# Richon Tools order



## Chucketn (Nov 26, 2011)

I received my large order of end mills from Richon Tools today. I purchased 32 cutters in pairs, from 1/16” to 5/8”, 2 and 4 flute, and some metric ball end mills. They came in individual plastic tubes, wrapped in a plastic bag, inside a very tough plastic outer bag.
I opened a few for a look. I was surprised to find several had what appear to be chips in the end cutting edge. At first I thought they were just the profile where the flutes met the cutting edge, but not all of them have this chip. Is this normal? I really don’t want to use them if they are damaged/defective.
Also, to preclude abuse of my new tools, does anyone have or know of a spreadsheet for determining feeds and speeds based on mill cutter diameter? Is there a simple formula that I can put into Excel that would give me a starting RPM, based on cutter diameter and material such as steel, aluminum, or brass?

Chuck in E. TN


----------



## Tony Wells (Nov 26, 2011)

New end mills should have pristine edges. Mishandling during packaging or shipping could be the cause. Chips in the edge will translate to flaws in the cut surfaces. Unacceptable. I would return for refund.


----------



## Chucketn (Nov 26, 2011)

I think a picture is in order. I'll go photograph the biggest one and see if the chips show up.

I've e-mailed my dis-satisfaction to Ricoh, we'll see what they say.

Chuck in E. TN


----------



## Chucketn (Nov 26, 2011)

DaveH,
Thats how some look, but some don't have the little u shaped bit at the end of the spiral where it meets the cutting edge. Is it just a burr left from grinding?

Chuck in E. TN


----------



## Pacer (Nov 26, 2011)

That is perfectly normal on end mills ... Lemme think of a way to s'plain it...

Thats where the flutes profile emerges at the end, that little cup/trough runs all the way down the flute.
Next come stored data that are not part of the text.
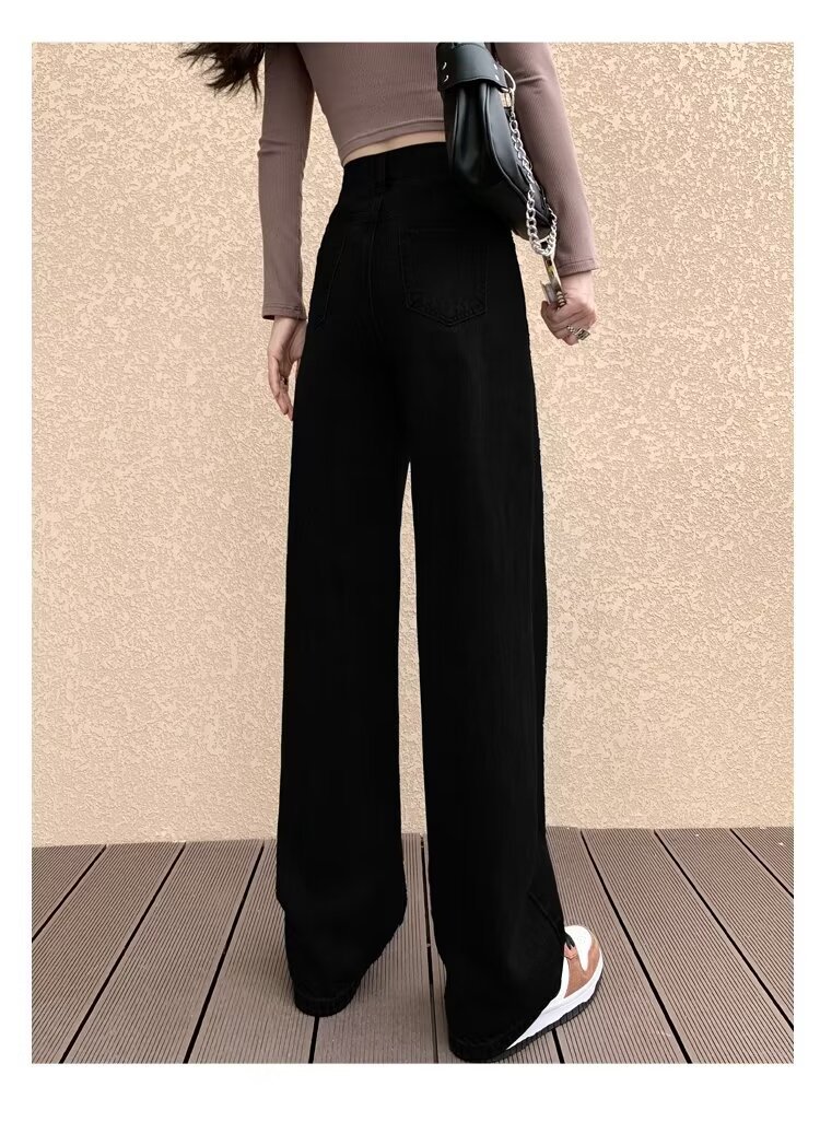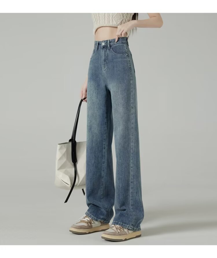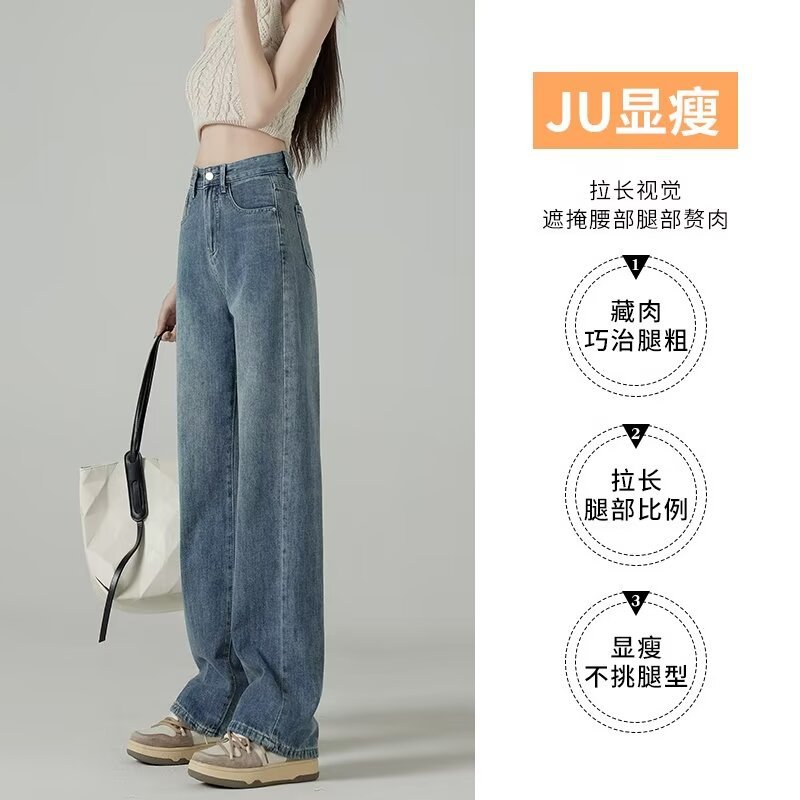 레트로 블루 와이드 레그 청바지 여성의 봄과 가을 얇은 2024 새로운 느슨한 슬리밍 작은 스트레이트 걸레 바지
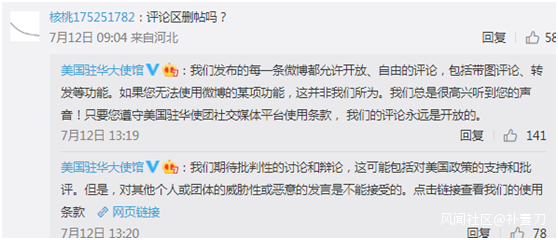 美國大使館微博也曾以回覆留言的方式稱,只要遵守使用條款,它們的評論區“永遠是開放的”。
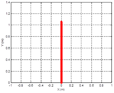 Con estos valores y un tiempo de simulación de 500 ms, la primera simulación hizo un recorrido en línea recta de aproximadamente de 1.07 m. Para la segunda prueba se describió una circunferencia perfecta de radio

I have a dedicated end mill sharpener (Cuttermaster) and in order to 'track' the flutes when rotating the EM across the spinning grinding wheel, that little 'dip' is used as a guide using a needle tipped piece. Its hard to describe!! - am I gonna have to go take a picture??

But that "chip" shown in the pic is normal, so if your EM's are like that, Chuck, then you are good...


----------



## Chucketn (Nov 26, 2011)

Pacer, some do and some don't have the little u. I'll get some pictures in the morning.

Chuck in E. TN


----------



## Davo J (Nov 27, 2011)

Hi Chuck,
You have nothing to worry about with your end Mills, that is just the way that style is. I have plenty like it.

As for milling speed
This is a simple way to work out the approx speeds to set your mill at.

This is the cutting Speeds for High Speed Steel (HSS) Cutting Tools.
For carbide, double the speeds in the chart.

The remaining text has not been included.